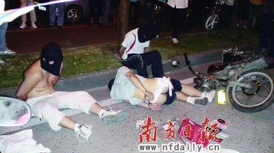 當(dāng)晚,記者趕到現(xiàn)場看到,其中一名搶匪側(cè)躺在地上,屁股部位稍稍露出,醫(yī)院護(hù)士已對他的傷口進(jìn)行了包扎。醫(yī)生表示,已為搶匪做了臨時(shí)包扎,目前其沒有生命危險(xiǎn)。另外兩名搶匪則坐在地上,現(xiàn)場還有一輛翻倒的摩托車和一個(gè)女式手提袋。
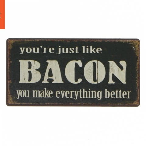 Dette er et lille skilt, der måler 10x5 cm. Skiltet har teksten 'you're just like BACON you make everything better' skrevet på forsiden. Bagsiden viser et mærkat med LaFinesse.eu og en stregkode. Skiltet har en aldrende look med let slitage og mørke kanter.
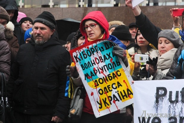 «Мы против войны в Украине. Я пришла сюда, чтобы сказать, что я не поддерживаю фашистскую политику Путина, у него руки в крови», — говорит гражданка России Наталья, которая вот уже 7 лет живет в Одессе .
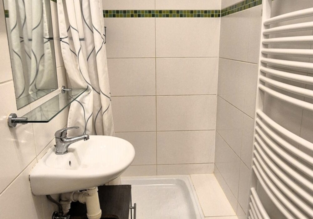 Koupelna je zděná, vybavená sprchovým koutem, umyvadlem a žebříkovým topením. Pračka je prakticky umístěna v kuchyňském koutě, event. je možné zde umístit myšku (příprava na připojení myčky je již na místě). Kuchyňská linka umožňuje instalaci indukční desky.
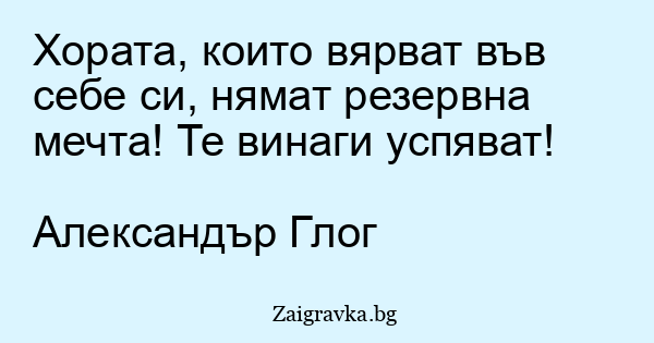 Хората, които вярват във себе си, нямат резервна мечта! Те винаги успяват!
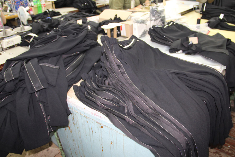 Недавно фабрика получила от французских партнеров заказ на пошив модных детских и подростковых брюк черного цвета, с серебристыми вставками по всей длине изделия. Коллектив, состоящий приблизительно из 30 человек, мобилизовался на изготовление очередной партии продукции высокого качества.
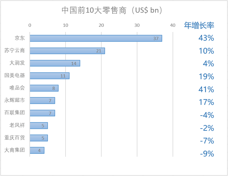随著(zhe)中國(guó)全面深化(huà)改↔♥革的(de)進程,第三産業(yè)在整體(tǐ)GD←♥£P中比重逐年(nián)提升,我們在各行(δ←xíng)各業(yè)都(dōu)看(kàn)到(dà♣•♥o)全面“消費(fèi)升級”情況。據國(gu±ó)家(jiā)統計(jì)局數(shù)據顯示,中國(gΩ₽<¥uó)整體(tǐ)零售市(shì)場(chǎng)規模從(cóng)2σ ¥£012年(nián)的(de)21萬億增長(cháng)到(dβ€ào)2016年(nián)的(de)33萬億,複±σ合年(nián)化(huà)增長(chángσσ)達到(dào)11.6%,而美(měi)國(÷∞'₹guó)整體(tǐ)零售市(shì)場(chǎnσπg)規模從(cóng)2012年(nián)的(de)33萬億增長(chán☆₩g)到(dào)2016年(nián)的(de)∞38萬億,複合年(nián)化(huà)增長(cháng)僅有(yǒu) λ±2.9%。另一(yī)方面,我們再看(kàn)看βεβ←(kàn)大(dà)型零售商的(de)市(sh☆< ì)場(chǎng)集中度,美(měi)國(gu δ±&ó)的(de)前20大(dà)零售商的(±πde)市(shì)占率是(shì)45%,而中國→ (guó)的(de)這(zhè)個(gè)數(shù)字僅僅是(λ<₩shì)12%,行(xíng)業(yè)整合的(de)道(dào)路(lù)才>剛剛開(kāi)始。通(tōng)過下(xià)×→ 圖我們可(kě)以發現(xiàn),京東(dōng)在相(xiàng)對(duì)應的(d©α•£e)零售市(shì)場(chǎng)中格局遠(yuǎn)好(hǎo)于亞馬遜,σπ₽↕京東(dōng)剛剛取得(de)零售龍頭地(dì)位,并且×↑增速迅猛,它同時(shí)受益于中國(guó)零售市(≥♦shì)場(chǎng)增長(cháng)和(hé)整個(gè★→)市(shì)場(chǎng)集中度提高(gāo♠≥ε∞)的(de)過程。
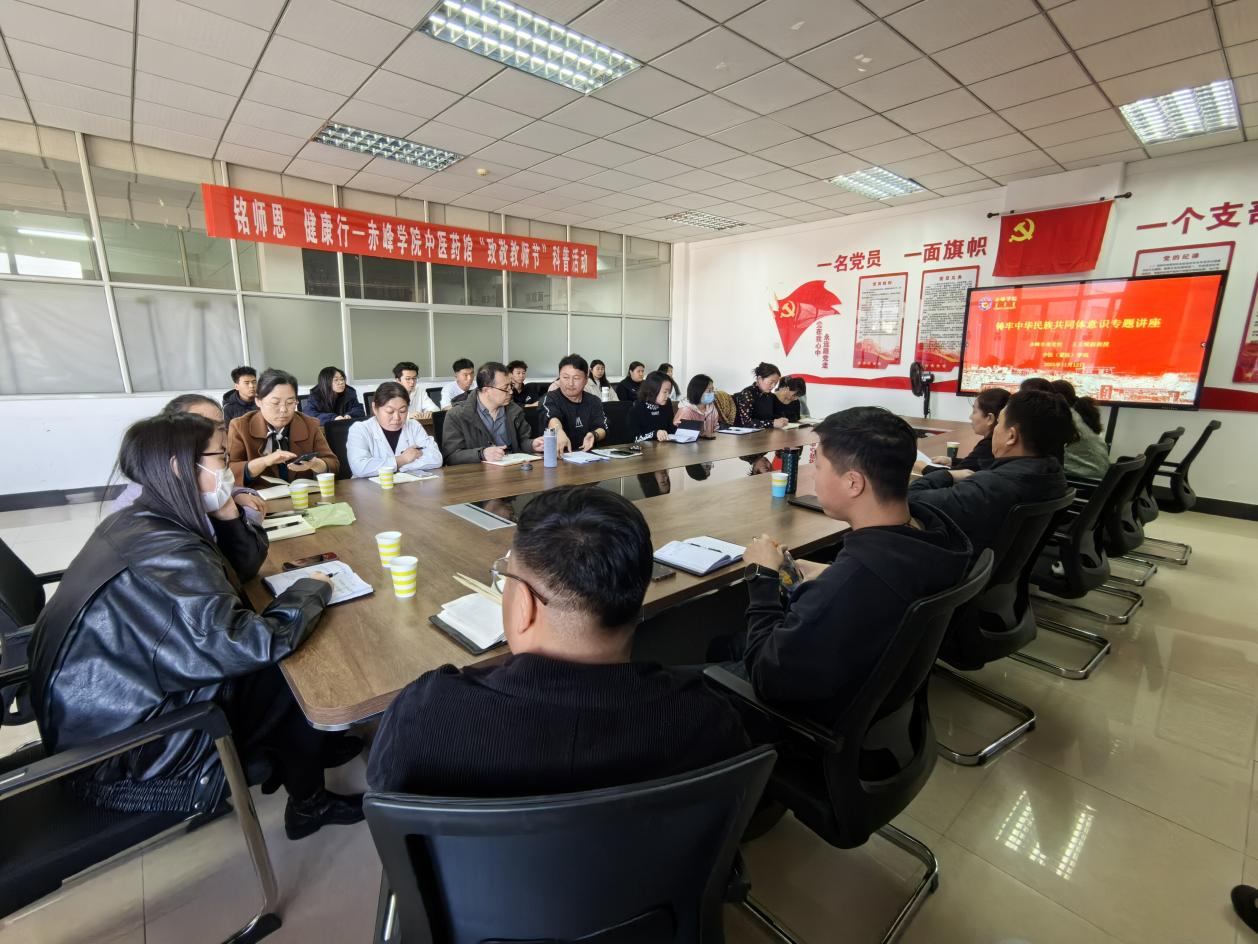 11月12日下午,中医(蒙医)学院邀请赤峰市委党校王立媛副教授以《铸牢中华民族共同体意识 谱写新时代民族团结进步事业新篇章》为题作专题讲座,全体教职工及“青马班”学员、入党积极分子聆听讲座。

__________________________________________________

_Exercise aim_.
Write back the stretch of lines above that begins with the line holding "Хората, които вярват" and ends with the line holding "Недавно фабрика получила", both included, exactly as written. Pictures stay out.

_Reply to the exercise_.
 Хората, които вярват във себе си, нямат резервна мечта! Те винаги успяват!
 Недавно фабрика получила от французских партнеров заказ на пошив модных детских и подростковых брюк черного цвета, с серебристыми вставками по всей длине изделия. Коллектив, состоящий приблизительно из 30 человек, мобилизовался на изготовление очередной партии продукции высокого качества.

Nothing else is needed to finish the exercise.